WORK TO COMPLETE
Skip the pictures, please, and write out exactly the lines from the opening of the data through the line containing "スーパー シャコ万力(C型)強力ワイドタイプ 75mm メタリックグレー焼付塗装".
====
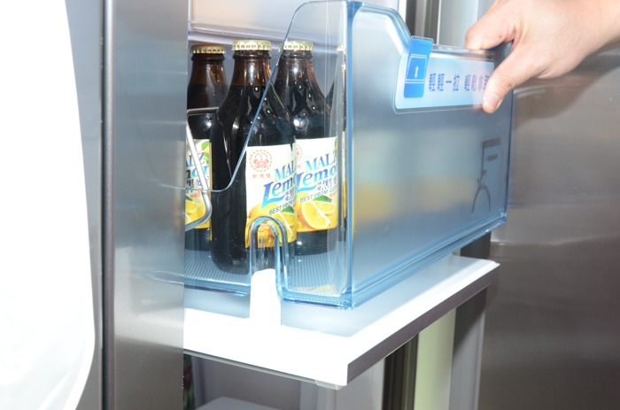 靈活愛現門將冷藏室分為兩層,一為陳列架設計,另外就是原本冰箱的超大冷藏空間。
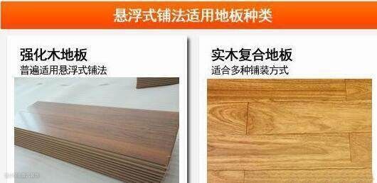 适合悬浮式铺设方法的地板一般为强化木地板和实木复合地板。
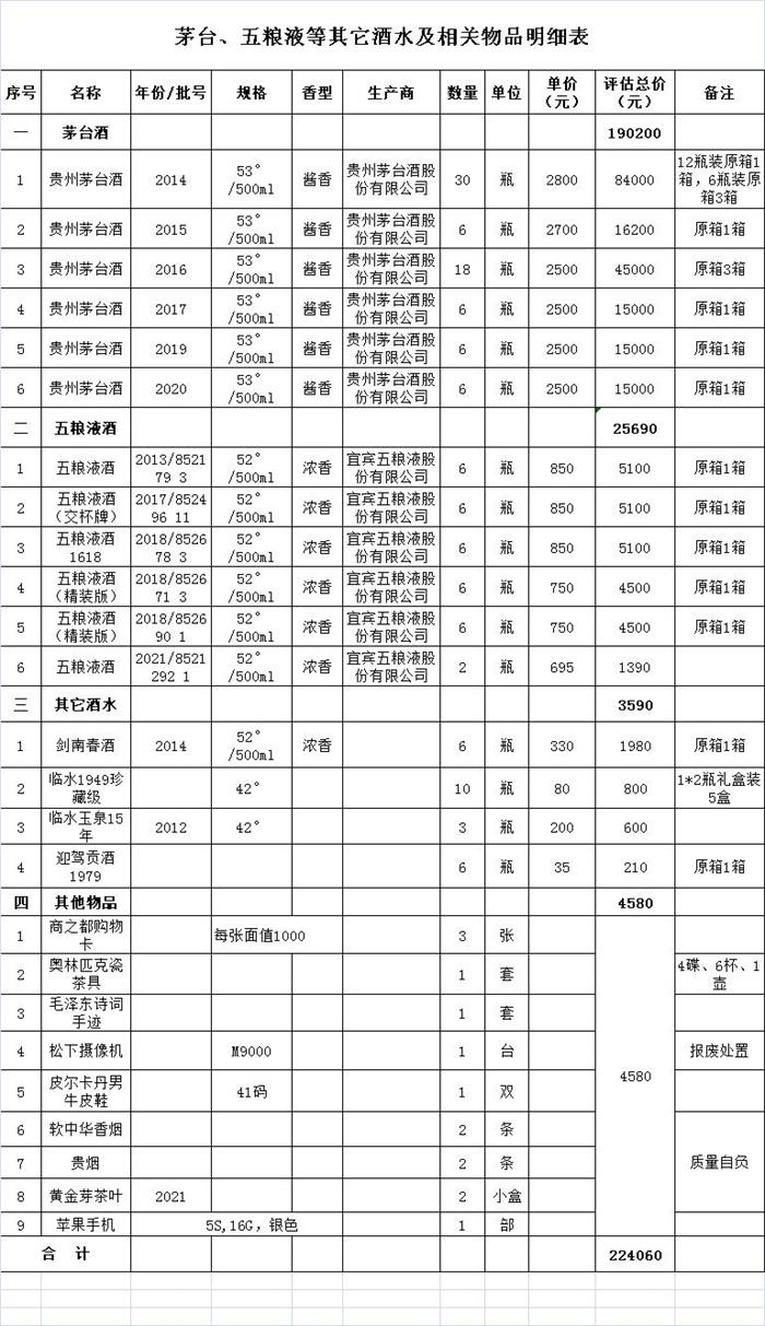 根據(jù)貴州茅臺酒股份有限公司黔茅辨(鑒)第0019083號產(chǎn)品辨認(鑒定)表,上拍茅臺酒計72瓶;根據(jù)四川宜賓五糧液集團有限公司川五鑒第號鑒定證明書,上拍五糧液計32瓶。其他類酒水25瓶,其他類物品一批。整體打包拍賣,參考價:224060元,保證金:3萬元。具體詳見下方清單:
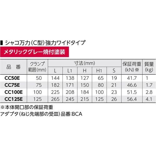 スーパー シャコ万力(C型)強力ワイドタイプ 75mm メタリックグレー焼付塗装
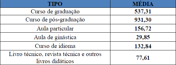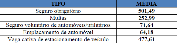 Contribuições, transferências e encargos financeiros traziam despesas aos entrevistados, principalmente no que diz respeito a pagamento de empréstimos (ver Tabela 20), ao mesmo tempo que gastos com cursos, livros didáticos, revistas técnicas e outros itens referentes à educação foram mais destacados no que diz respeito a cursos de pós-graduação (ver Tabela 21). O gasto dos entrevistados com despesas atinentes a veículo próprio seguro foi destacado no caso do seguro obrigatório (ver Tabela 22), assim como houve menções a gastos com a aquisição de automóvel utilitário nacional (ver Tabela 23).
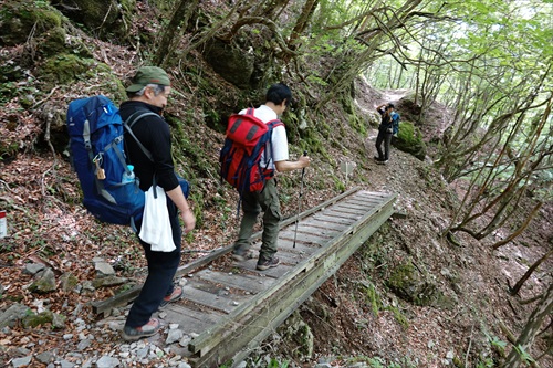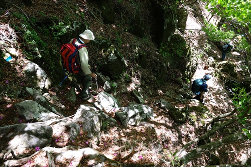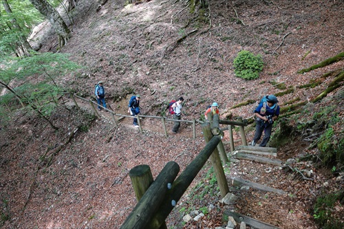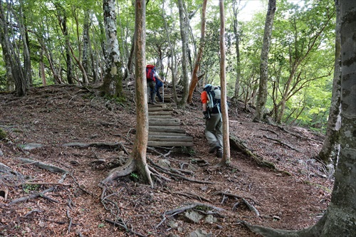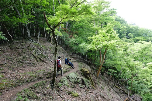 | ロープが張られた激下り1箇所と→ | ブナ林の激下りも1箇所あります | |||
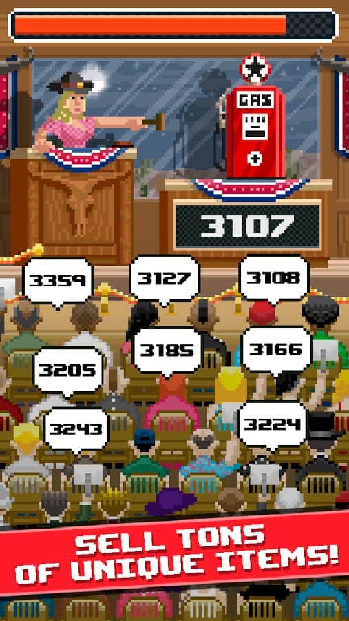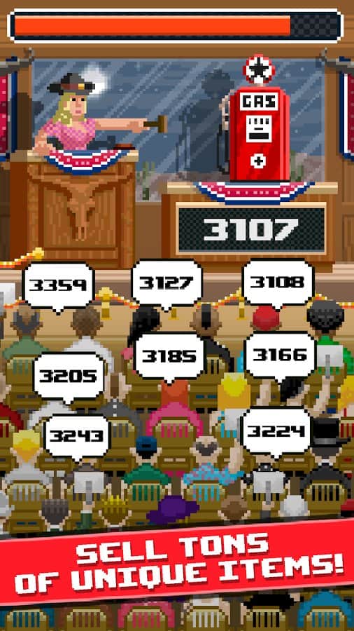 Müzayedeci - basitçe mükemmel zaman öldürücülerden biri olarak adlandırılabilecek bir oyun. Bu türdeki oyunların büyük bir kısmının oldukça düşük kalitede olduğu, hem oyunun uygulanması hem de doğrudan oyun deneyimi açısından bir sır değil, ancak Müzayedeci kesinlikle bunlardan biri değil. Genel olarak, Müzayedeci'nin Android için oyun mekaniği, bir dokunmatik arcade ile bir tıklayıcı arasında bir karışım sunuyor, burada yeni bir şey yok, geliştiriciler de popüler retro tarzını seçerek görsel stil açısından orijinal olmadılar. Ancak geri kalan her şey olağanüstü, bu sefer inek veya koyun yetiştirmek, yüzlerce canavarı veya yaratığı yok etmek zorunda kalmayacaksınız, şansınıza müzayede sahibi olma rolünde kendinizi deneme fırsatını buldunuz. Yüzlerce nadir ve pahalı nesneyi en yüksek fiyattan satın, kazandığınız parayla becerilerinizi geliştirin ve yeni binalar satın alın.
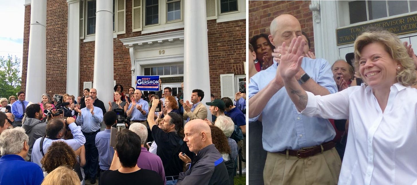.Top – A couple hundred Dems in Smithtown; we’d just finished the NY-1 and NY-2 primaries in June 2018, and rallied to unite behind our chosen candidates. (Happy to have found a pic of myself waving thank-you for the thank-you’s after shaking Perry’s hand. Still unemployed, I canvassed for Perry every week for the next three months. Zeldin won in the general election, unfortunately.)
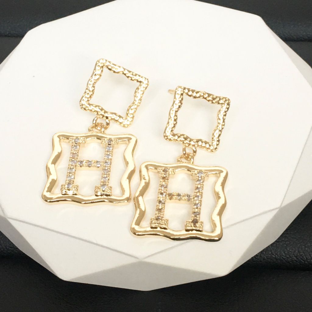Bông Tai Hermes Màu Vàng Pha Lê Trắng Sang Trọng (AP)
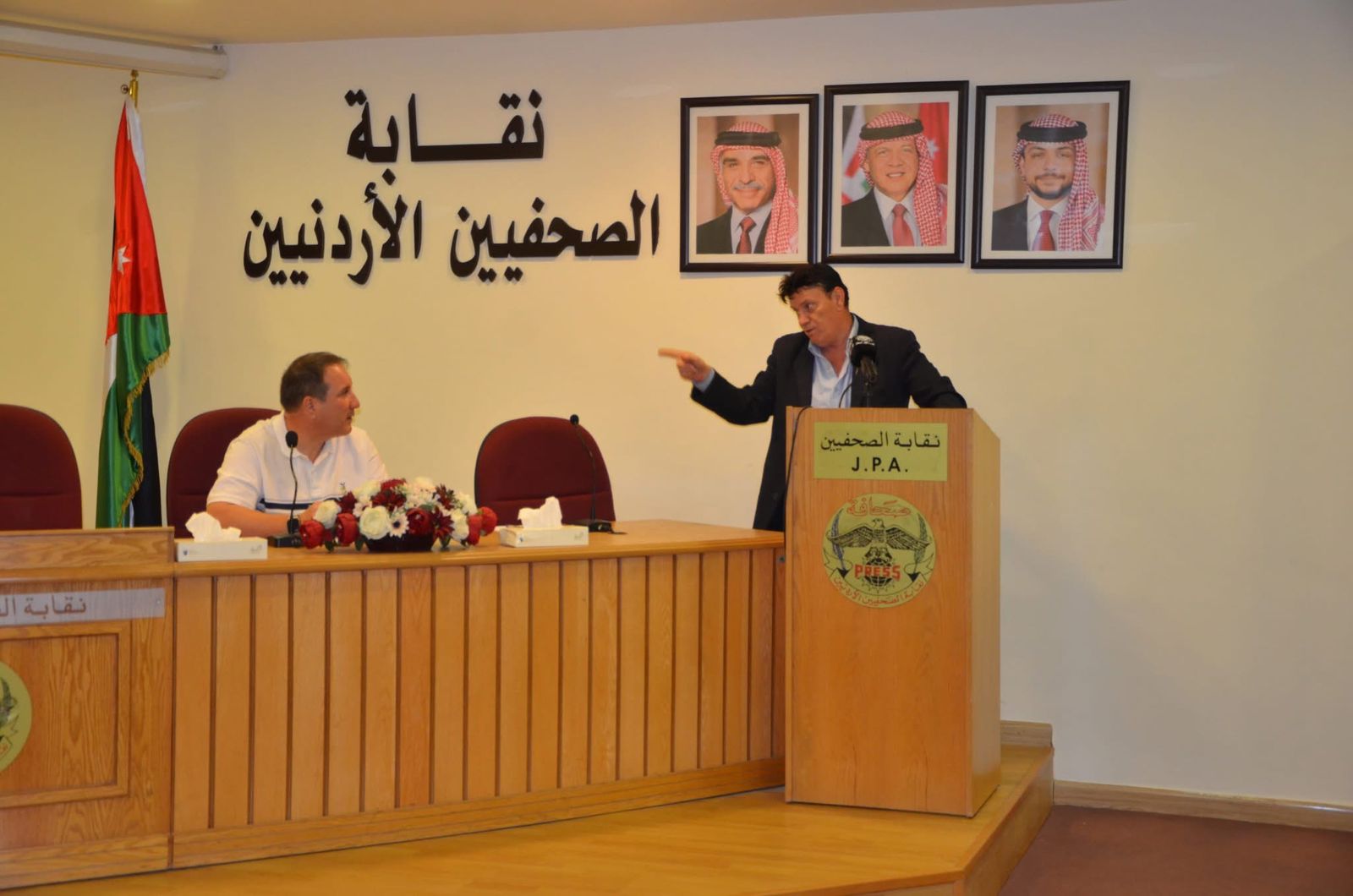 عقد ناشرو مواقع إلكترونية أردنية اجتماعا، صباح الأحد، في مبنى نقابة الصحفيين الأردنيين للتشاور حول آليات التعاطي مع نهج مجلس نقابة الصحفيين الجبائي ، وخاصة فيما يتعلّق بفرض رسم (1000) دينار سنويا على المواقع الالكترونية.
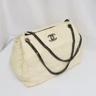 Chanel Ivory Leather Handbag with Silver Chain Hardware and Coco Mark 223948
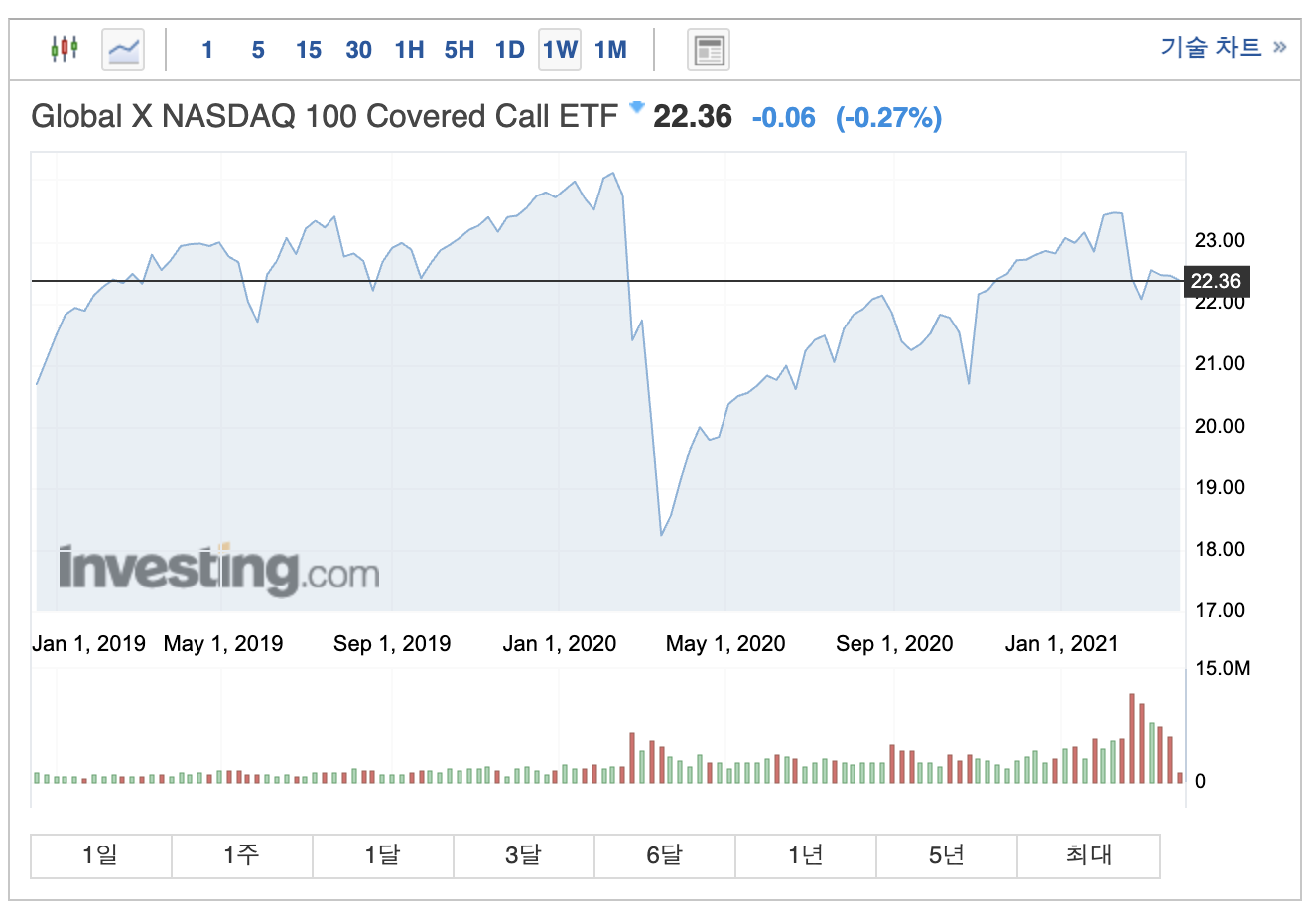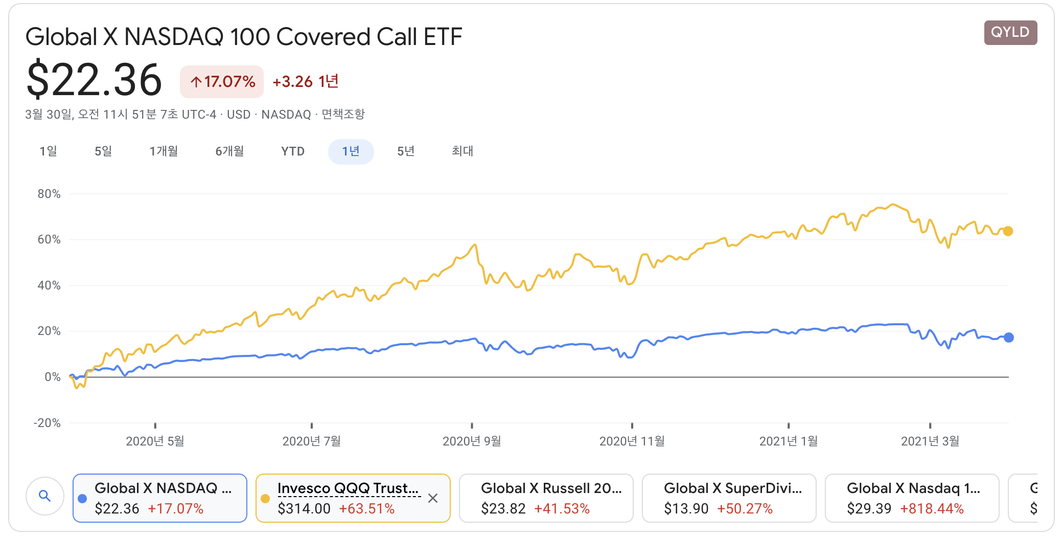 - 코로나 19 이후 점진적으로 주가가 회복되고 있는 다른 ETF와 비교해보면, “QYLD” 의 주가상승이 힘든 것을 확인할 수 있습니다.
====
TASK ANSWER
 靈活愛現門將冷藏室分為兩層,一為陳列架設計,另外就是原本冰箱的超大冷藏空間。
 适合悬浮式铺设方法的地板一般为强化木地板和实木复合地板。
 根據(jù)貴州茅臺酒股份有限公司黔茅辨(鑒)第0019083號產(chǎn)品辨認(鑒定)表,上拍茅臺酒計72瓶;根據(jù)四川宜賓五糧液集團有限公司川五鑒第號鑒定證明書,上拍五糧液計32瓶。其他類酒水25瓶,其他類物品一批。整體打包拍賣,參考價:224060元,保證金:3萬元。具體詳見下方清單:
 スーパー シャコ万力(C型)強力ワイドタイプ 75mm メタリックグレー焼付塗装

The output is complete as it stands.